Yes, this is going to be my next optimization. It’s going to be some work though as we need to find a way to share HTTP sessions among multiple uploads (also make sure resumes and retries and so on continue to work). I think it very doable and looks promising. Once it’s there, I’d expect uploading to be even more reliable with less connections (or upload workers). cc @boris @nikola.
For example, although I am on a 1 Gbps fiber link, I had to set MAPILLARY_TOOLS_MAX_IMAGE_UPLOAD_WORKERS
to 8
for my machine’s network stack not to get overburdened.
The default # of upload worker 64 is an empirical number from my test environments that starts to saturate the bandwidth. Per your comment it feels not easy to find a constant for all network environments. Let’s see if the Keep-Alive optimization can help us reduce the default # of workers to 32 or 16. If not, we will see if we can find a dynamic way to increase/decrease workers? Another good point to expose the envvar as a CLI param for user to adjust the bandwidth usage.
Orthogonality remains a key design principle for usability and clarity
Yes we are aware of the challenges.
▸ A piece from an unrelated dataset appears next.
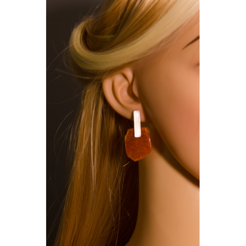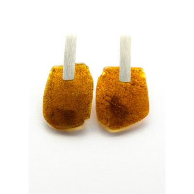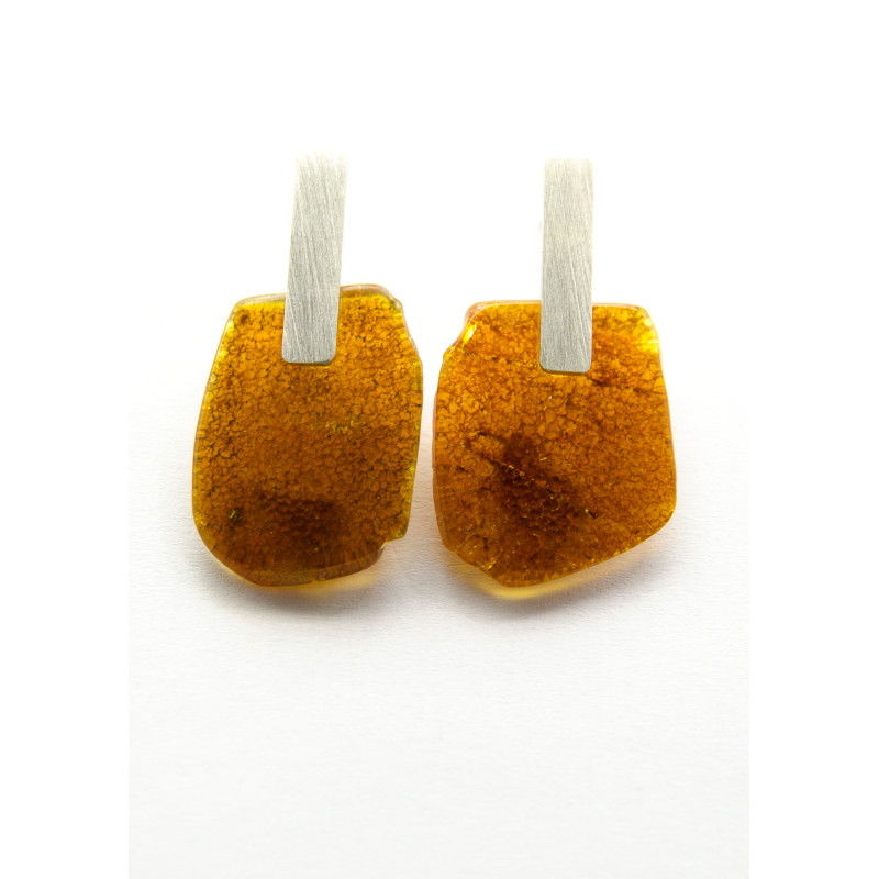 Handgemachte Ohrringe aus einem Brocken des baltischen Bernsteins auf Silberbrisuren, Silber 925. Der Stein ist poliert.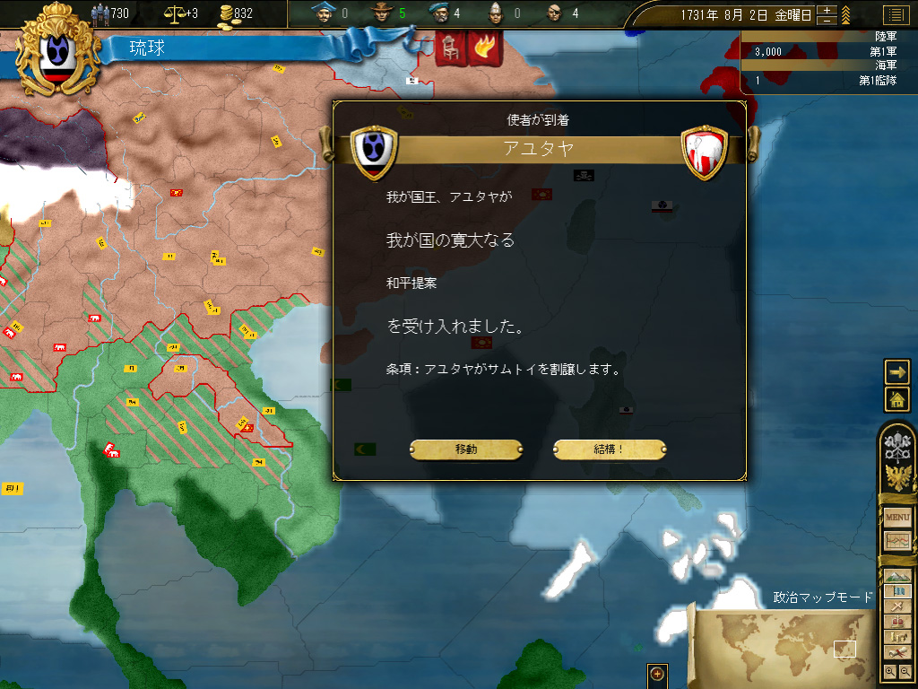 軍事的には非常に心もとないところはあるが,明は相変わらず東洋の巨人であり,明の庇護下にある限り侵略される心配はほとんどない。もっとも,「幸運」(ゲーム開始時にシステム上こっそり5か国選ばれる,幸運な国家。いろいろとプラス修正が得られる)を得ていたティムールが西から張り出して来ており,アジアの盟主はゆくゆくティムールの手に収まりそうではあったが,東南アジア付近に限定すれば,明より大きな国は存在しない。

In H2 we are planning to improve the CLI’s UI/UX including redesigning these envvars and CLI params. Stay tuned.
Enable the --skip_subfolders
option with the upload
command.
That’s a good point. Let’s leave it for v0.15 as it’s a breaking change.
Unexpectedly, using the --verbose
option on the process
command basically silences output when correlating GPX tracks to images in the final write step.
Good callout. Fixing in the next version.
To make things even simpler, you do not actually need the --desc_path
option with the upload
command.
In some cases, users need to upload just a subset of files extracted in the description JSON file, then upload import_path –desc_path=desc.json
can be useful.